### Task description
In this exercise, write out the data word for word and leave every image out.
Listed entries START
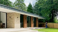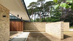 Located in Devon, Kyrchil is a light, bright and efficient contemporary bungalow designed by DMW Architects and completed by Camel Glass. The living spaces are grouped together on the south side of the plan, while the bedrooms, bathrooms and an office occupy the north side. Intended to complement the rural context, the material palette includes lichen-green standing-seam zinc roofing, treated hardwood cladding and blue-grey long-format bricks. The latter is reminiscent of Purbeck stone and have a rough-hewn surface that matches the colour of the mortar.
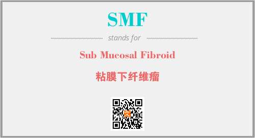 上述内容是“Sub Mucosal Fibroid”作为“SMF”的缩写,解释为“粘膜下纤维瘤”时的信息,以及英文缩略词SMF所代表的英文单词,其对应的中文拼音、详细解释以及在英文中的流行度和相关分类、应用领域及应用示例等。
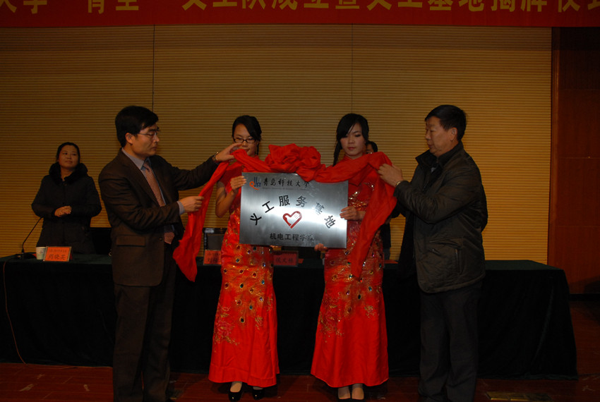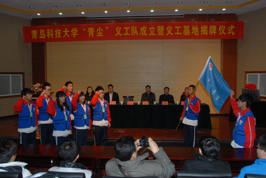 青岛科技大学团委书记刘传华与青岛市慈善总会宣传部部长侯文栋共同为义工基地揭牌。3245澳门新莆京党总支副书记兼副院长张霄为“青尘”义工队授旗。
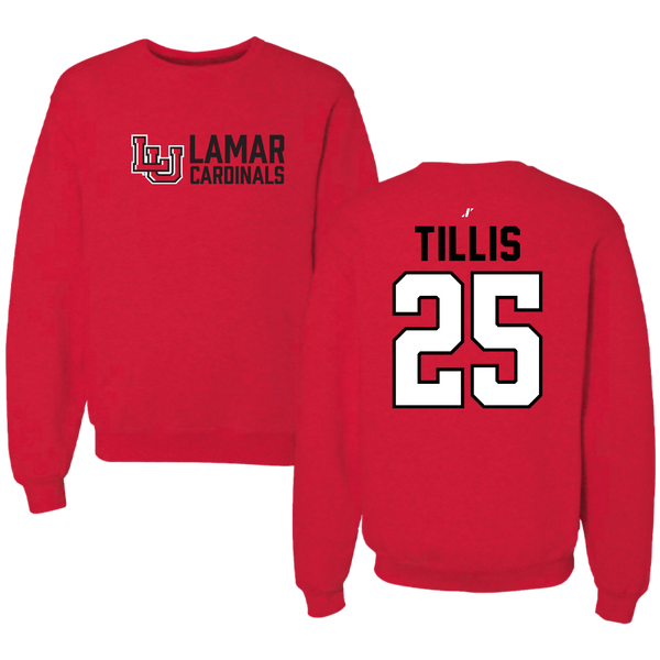 Lamar University Football Red Touchdown Crewneck - #25 Jonavon Tillis
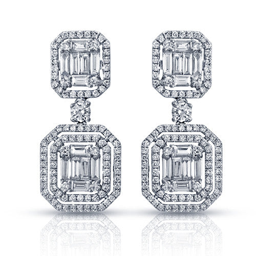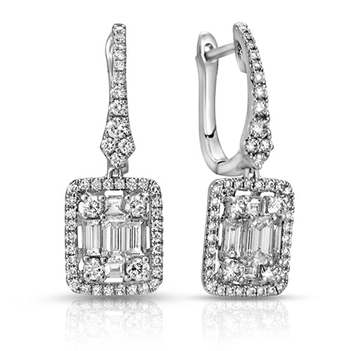 18 Karat White Gold 1.35 Carat Baguette and Round Diamond Dangle Earrings
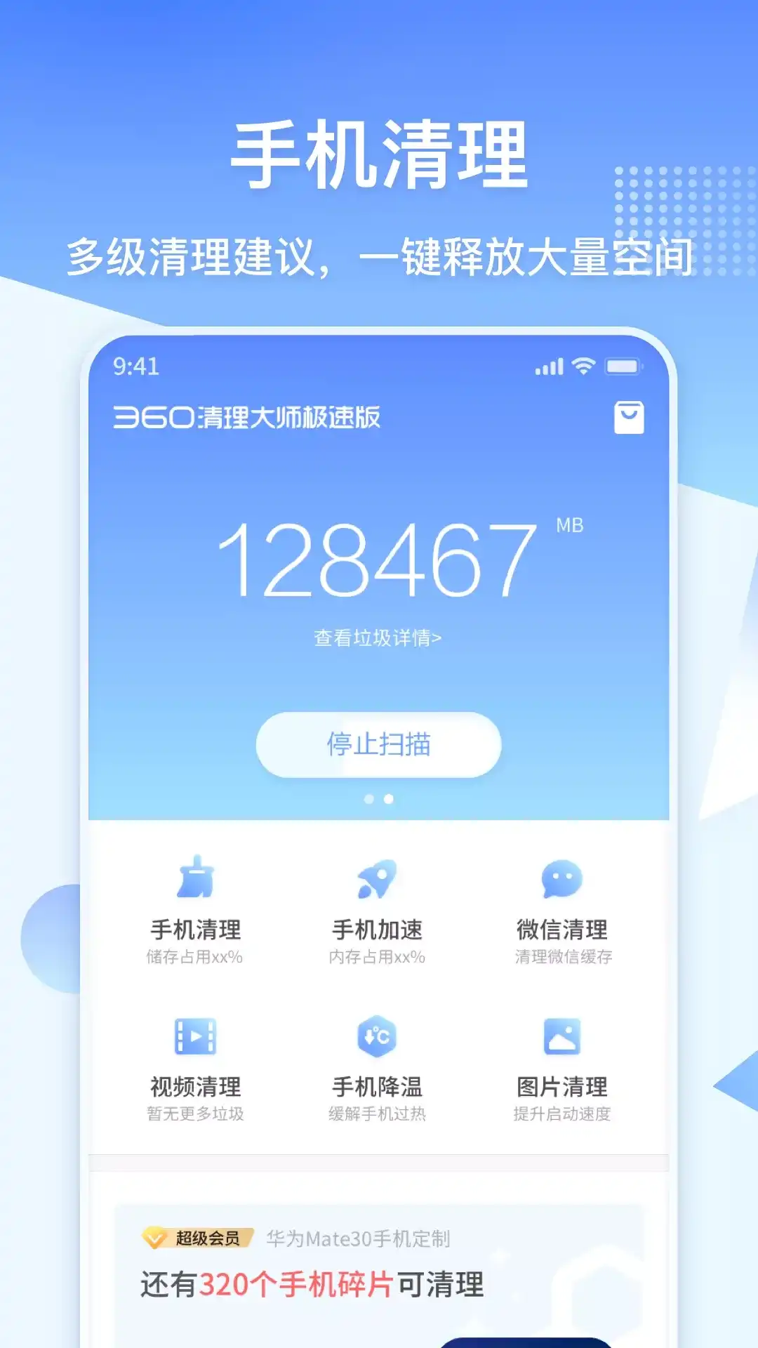 360清理大师:更简单,更畅快! 6亿用户信赖的手机清理神器! 360清理大师是一款完全免费的手机加速与空间清理软件,强力加速使手机运行更流畅,一键清理快速解决空间不足问题。 【一键清理】一键搞定无用垃圾,手机清理更省心 【手机加速】瞬间释放手机内存,加速效果超同行 【微信清理】深度清理微信垃圾,微信聊天更流畅 【短信清理】智能短信分类,广告推送轻松删 【相册清理】自动筛选不美照片,留住精彩瞬间 【手机瘦身】全面分析存储空间,垃圾无所遁形 注:360清理大师适用于使用标准android4.0.3及以上系统的所有手机 【联系我们】 官方QQ群: 372851919 官方微信:360清理大师 官方微博:http://weibo.com/360yhds 官方论坛:http://bbs.360safe.com/forum-2463-1.html
Listed entries END
### Solution to the problem
 Located in Devon, Kyrchil is a light, bright and efficient contemporary bungalow designed by DMW Architects and completed by Camel Glass. The living spaces are grouped together on the south side of the plan, while the bedrooms, bathrooms and an office occupy the north side. Intended to complement the rural context, the material palette includes lichen-green standing-seam zinc roofing, treated hardwood cladding and blue-grey long-format bricks. The latter is reminiscent of Purbeck stone and have a rough-hewn surface that matches the colour of the mortar.
 上述内容是“Sub Mucosal Fibroid”作为“SMF”的缩写,解释为“粘膜下纤维瘤”时的信息,以及英文缩略词SMF所代表的英文单词,其对应的中文拼音、详细解释以及在英文中的流行度和相关分类、应用领域及应用示例等。
 青岛科技大学团委书记刘传华与青岛市慈善总会宣传部部长侯文栋共同为义工基地揭牌。3245澳门新莆京党总支副书记兼副院长张霄为“青尘”义工队授旗。
 Lamar University Football Red Touchdown Crewneck - #25 Jonavon Tillis
 18 Karat White Gold 1.35 Carat Baguette and Round Diamond Dangle Earrings
 360清理大师:更简单,更畅快! 6亿用户信赖的手机清理神器! 360清理大师是一款完全免费的手机加速与空间清理软件,强力加速使手机运行更流畅,一键清理快速解决空间不足问题。 【一键清理】一键搞定无用垃圾,手机清理更省心 【手机加速】瞬间释放手机内存,加速效果超同行 【微信清理】深度清理微信垃圾,微信聊天更流畅 【短信清理】智能短信分类,广告推送轻松删 【相册清理】自动筛选不美照片,留住精彩瞬间 【手机瘦身】全面分析存储空间,垃圾无所遁形 注:360清理大师适用于使用标准android4.0.3及以上系统的所有手机 【联系我们】 官方QQ群: 372851919 官方微信:360清理大师 官方微博:http://weibo.com/360yhds 官方论坛:http://bbs.360safe.com/forum-2463-1.html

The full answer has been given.